It may be tempting to portray the glass as being half full

Monday 3rd November 2008, 2:59PM GMT.

From Clive Spears, president, Jersey Chamber of Commerce
I AM moved to respond not only by my own consternation but by that of many of my council members to the recent column by Peter Body concerning the issue of recession wherein disparaging remarks were made about professional bodies including the Jersey Chamber of Commerce.

Such remarks centred on our inability to produce positive views in this current unprecedented environment or the likelihood of pigs taking to the air.

It is of course recognised by the Chamber that Mr Body has had us fairly consistently in his sights for a period of years – arguing for more spending because the people and government want it as opposed to a view we have advanced for a number of years which centres on our fears concerning an ever-growing States spending budget becoming more and more difficult to control, which will eventually hit severe budgetary difficulties in the event of any downturn.

Readers might have noticed ‘even’ the Chamber of Commerce had moderated its view to a point, asking that the door be closed on further spending without being over insistent on actual cuts, because until we wean our government off the thirst to spend, any likelihood of cutting spending is quite alien to the psyche. In the meantime, Mr Body advances a very well-worn strategy of the glass being half full rather than empty, which is a well-rehearsed approach among commentators and politicians when trying to distract from the core of an issue.
It’s a fair strategy for individual problems or short-term issues, but it is misplaced in the face of the profound strategic spending issues Jersey faces as recession starts to bite around the world. Mr Body in a previous article chose to snipe at the Chamber on the hair-splitting point of what the technical definition of recession is.

I think anyone reading the national dailies can work out how profound issues really are and pot shots at the Chamber have been proven to be entirely inappropriate as the world scene has unfolded over the past few weeks.

I do not believe anyone can be other than deeply shocked at current events. Even in the face of such damning evidence, Mr Body continues to treat the Chamber’s views in a coconut shy fashion, apparently in the interests of encouraging debate.

Yet I fail to see beyond an emotional three-card trick where the value of that debate now stems from. We have warned of the possibilities of what is now coming to pass over many months and a little recognition of such would not go amiss.
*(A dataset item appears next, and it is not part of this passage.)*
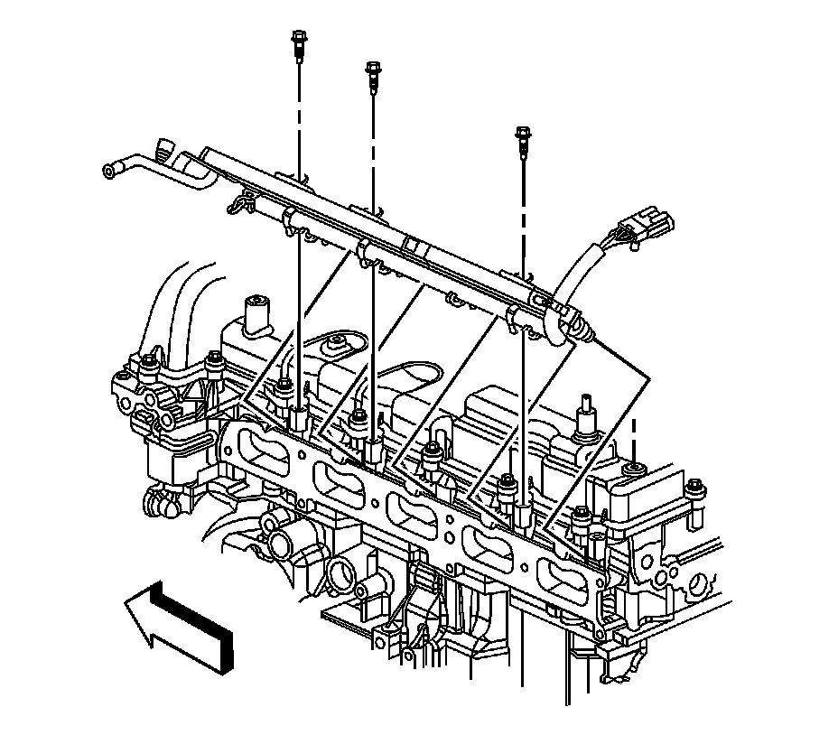 7. Remove the fuel rail bolts.
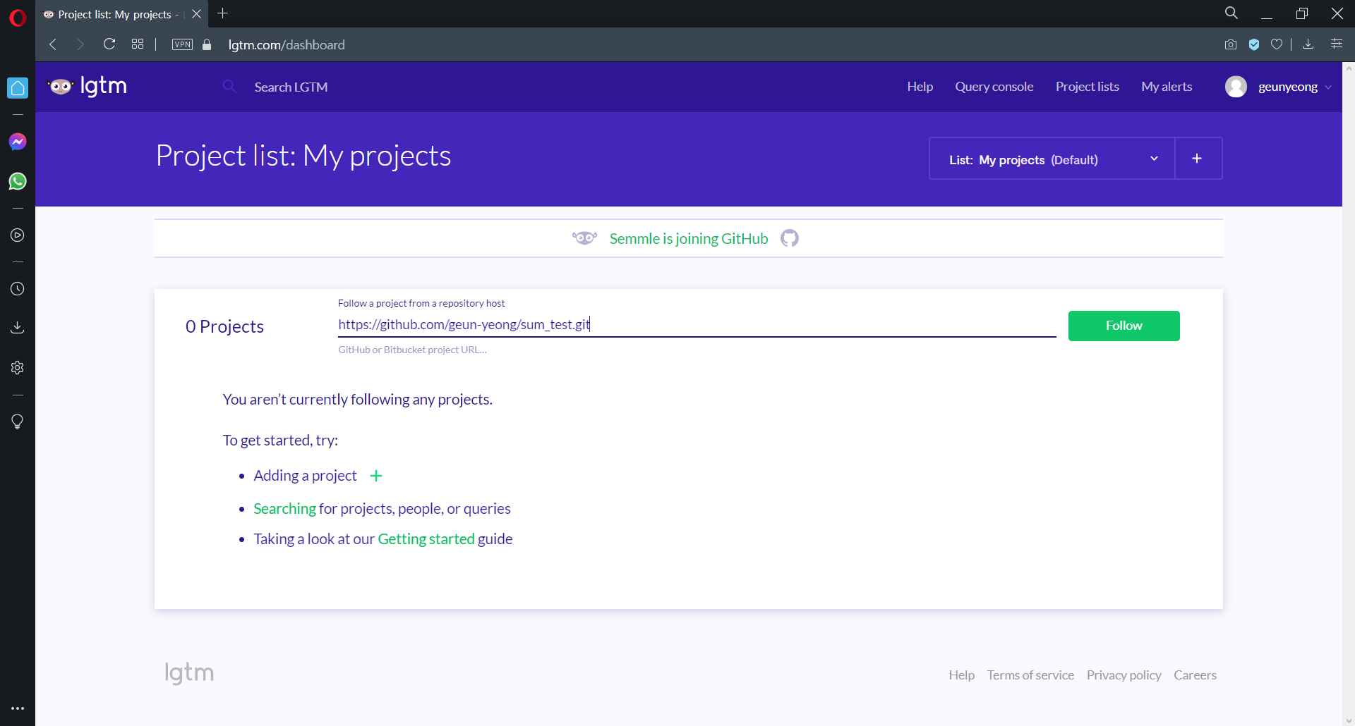 "My projects"를 클릭하면 프로젝트 링크를 입력하는 입력창이 나온다. 이 입력창에 깃 주소를 입력하고 Follow를 클릭한다.

But no, we stoop to the old half-glass defence. On the same day as Mr Body published his column, we advanced our concerns regarding the structural risks confronting Jersey and how delicately our finances were exposed to small downturns in income or upturns in spending resulting in quite severe deficits for the States.

The clear message here is that the first fundamental that every minister, businessman and member of the public has to understand is that the room for extra spending, unless we all want higher taxes, is nil. It is the duty of Chamber to ensure all are alert to what has been a profound and fast moving economic climate.

Yet I still see ministers even in the last week wanting to spend more, which has to be madness given the position we currently face. The figures advanced in the Budget, if we are very very fortunate, might just see us by but any small departure will lead to deficits and higher taxes.

As GST is virtually the only viable tax lever government can pull presently and deficits could hit tens if not a hundred million pounds, I ask readers to contemplate which GST rate would you choose between three per cent and 15 per cent or will you just live with the glass-half-full defence or actually do something about the problem.

It takes a little courage in one’s convictions to tell it as it is, or very possibly how it might be – but the glass-half-full defence takes little conviction at all.

So this porcine is keeping his trotters firmly on the ground and, ministers, please stop spending because there is, or very well might not be, anything left to spend, unless you wish to be the perpetrators of even higher taxes.